ナオミ・クラインの新著を読んだ。
『楽園をめぐる闘い』(星野真志訳)、堀之内出版、2019年。
彼女がプエルト・リコに出かけていることは、こちらで知っていた。スペイン語版の出版についてはこちら。あっという間に日本語になったわけである。
しかしプエルト・リコと「楽園」とはなんとそぐわない組み合わせであろうか。
この本では、ハリケーン・マリアのショックに立ち直れないところへ持ち込まれる「災害資本主義」と、実はそれに先行する形で進んでいたとんでもない米国起業家優遇政策(税金優遇政策など)が次々に明かされていく。
ハリケーンののち、プエルト・リコ人のエクソダスが起き、島は半ば空っぽになった。そこへ乗り込んでくるのは、新たな金融ゲームを享受しようという「プエルトピア人」たちだ。彼らはプエルト・リコでスペイン語が話されていることもよく知らない。
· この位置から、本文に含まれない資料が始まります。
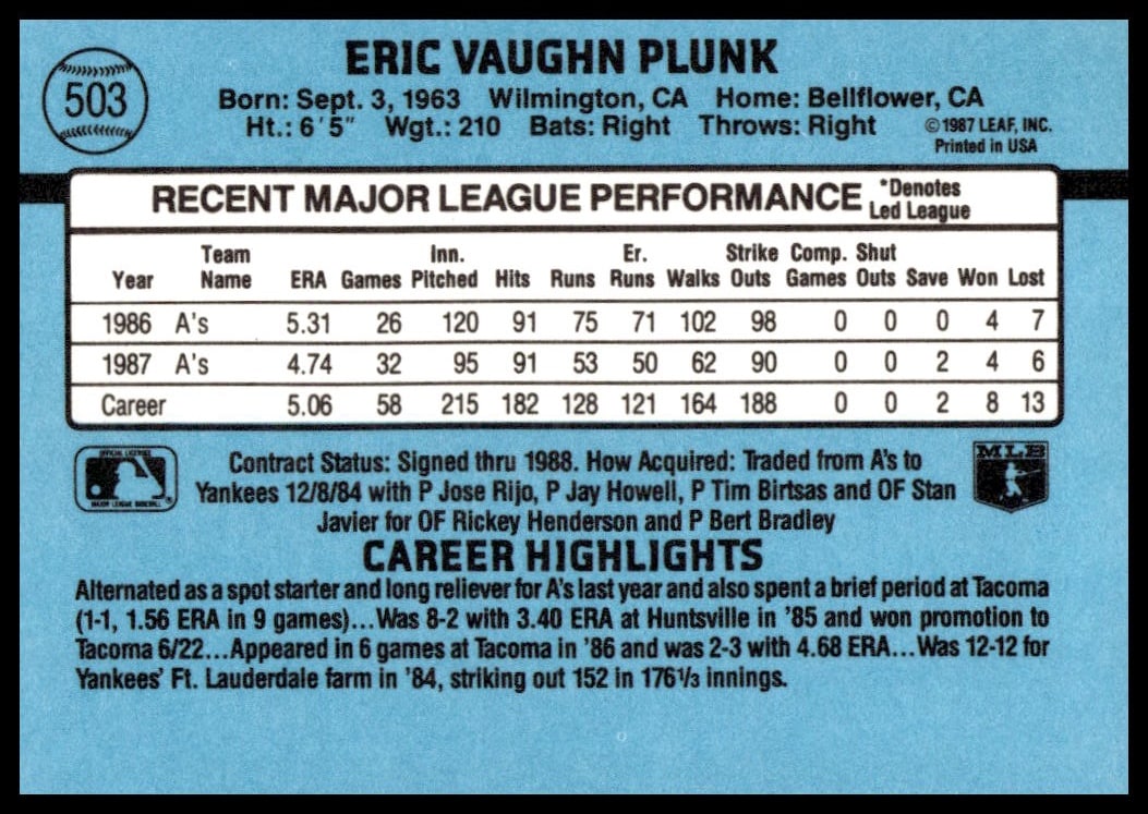 This Baseball card, from 1988 is part of the Donruss  card set. Eric Plunk is featured and has a card number of 503.
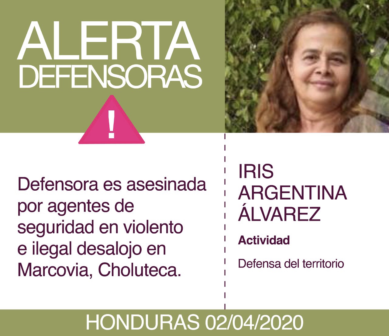 La Oficina del Alto Comisionado de las Naciones Unidas para los Derechos Humanos en Honduras (OACNUDH) condenó la muerte de la defensora Iris Argentina Álvarez Chávez, ocurrida ayer durante un desalojo violento en la comunidad de los Chachos, municipio de Marcovia, Choluteca.
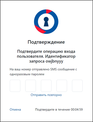 В случае запроса вторичной аутентификации по SMS/протоколу OATH/электронной почте Пользователь должен ввести в поле ввода запроса подтверждения операции код подтверждения, полученный в сообщении SMS/одноразовый пароль, сгенерированный токеном OTP/код подтверждения, полученный в сообщении электронной почты.
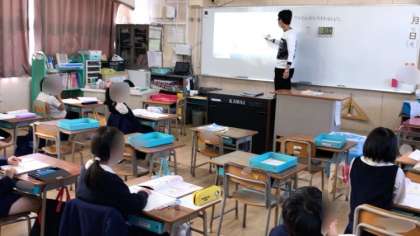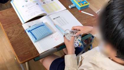 算数の学習です。九九の7の段をスラスラ言えるよう練習していました。九九カードを使っている子もいました。
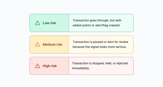 Score users during onboarding to decide whether they can proceed through standard review, require enhanced due diligence, or need manual investigation.
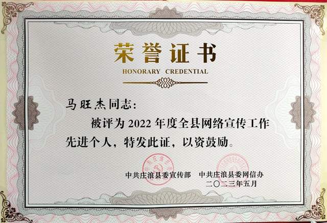 5月30日,中共庄浪县委宣传部召开全县2023年网信工作会议,会上表彰了2022年度全县网信工作先进单位和先进个人,庄浪县人民检察院荣获全县2022年度网络宣传工作先进单位,政治部干警马旺杰荣获全县2022年度网络宣传工作先进个人。
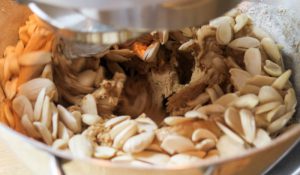 - Mandeln – diese wässere ich für ca. 12 Stunden, wodurch unerwünschte Antinährstoffe abgebaut werden. Danach werden die Mandeln enthäutet und wieder 12-24 h bei 60 Grad getrocknet – wozu ich ein Dörrgerät verwende.
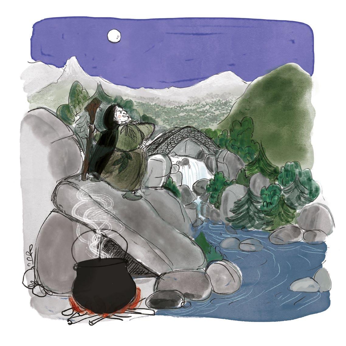 Aipiedi delle montagne, lungo il fiume Masino, viveva una donna misteriosa. Era conosciuta come la Màta Selvàdega. La sua casa non era una casa come le altre, ma un rifugio nascosto sotto un enorme masso dentro il fiume, dal quale usciva solo all’imbrunire.
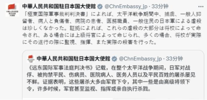 12月11日,在中国驻日大使馆发表:“《远东国际军事法庭判决书》记载,在整个太平洋战争期间,日军对战俘、被拘禁平民、伤病员、医院病人、医务人员以及平民百姓的屠杀屡见不鲜。” 说白了,这篇发文可不简单,暗藏深意,并不只是在还原历史,而是在提醒世界各国尤其是美国,盲目地帮助日本恢复“正常国”的做法,无异于在给自己身后安插一把反噬之刀。 要知道,美国在日本释放的两朵蘑菇云,至今仍让日本民众承受着健康与环境的双重创伤,而日本至今还未对美国展开报复,并且日本恢复“正常国”后,以日本现代的工业技术,估计要不了多久就可以达到和美国持平的状态。 届时,一个既没有彻底反思战争罪行,又具备强大实力的日本,若想践行其暗藏的野心,国际社会再想约束,难度恐怕会成倍增加。 说到底,中国驻日大使馆的发文,其实是想用历史铁证戳破美国“养虎为患”的风险,如果美国坚持要为了短期的地缘私利,继续纵容甚至是助推日本成为“正常国”,终将亲手引爆亚太安全的的“定时炸弹”。

その一方で、プエルト・リコ人による共同体作りの夢、相互扶助に根ざした楽園実現に向けての運動(再生可能エネルギーや農業分野など)が進行している。カーサ・プエブロ、コキ・ソラール、オルガニサシオン・ボリクア、プロジェクト・デ・アポーヨ・ムトゥオなどだ。クラインはもちろん後者の方が希求する「異なる世界」「異なる未来」に夢を見つけようとしている。
この本は、どこかドキュメンタリー映画『ジャマイカ、楽園の真実』を思わせる(ここでも「楽園」という言葉が使われている。邦題だけのことだが)。ナレーションのジャメイカ・キンケイドの声が聞こえてくるような気さえする。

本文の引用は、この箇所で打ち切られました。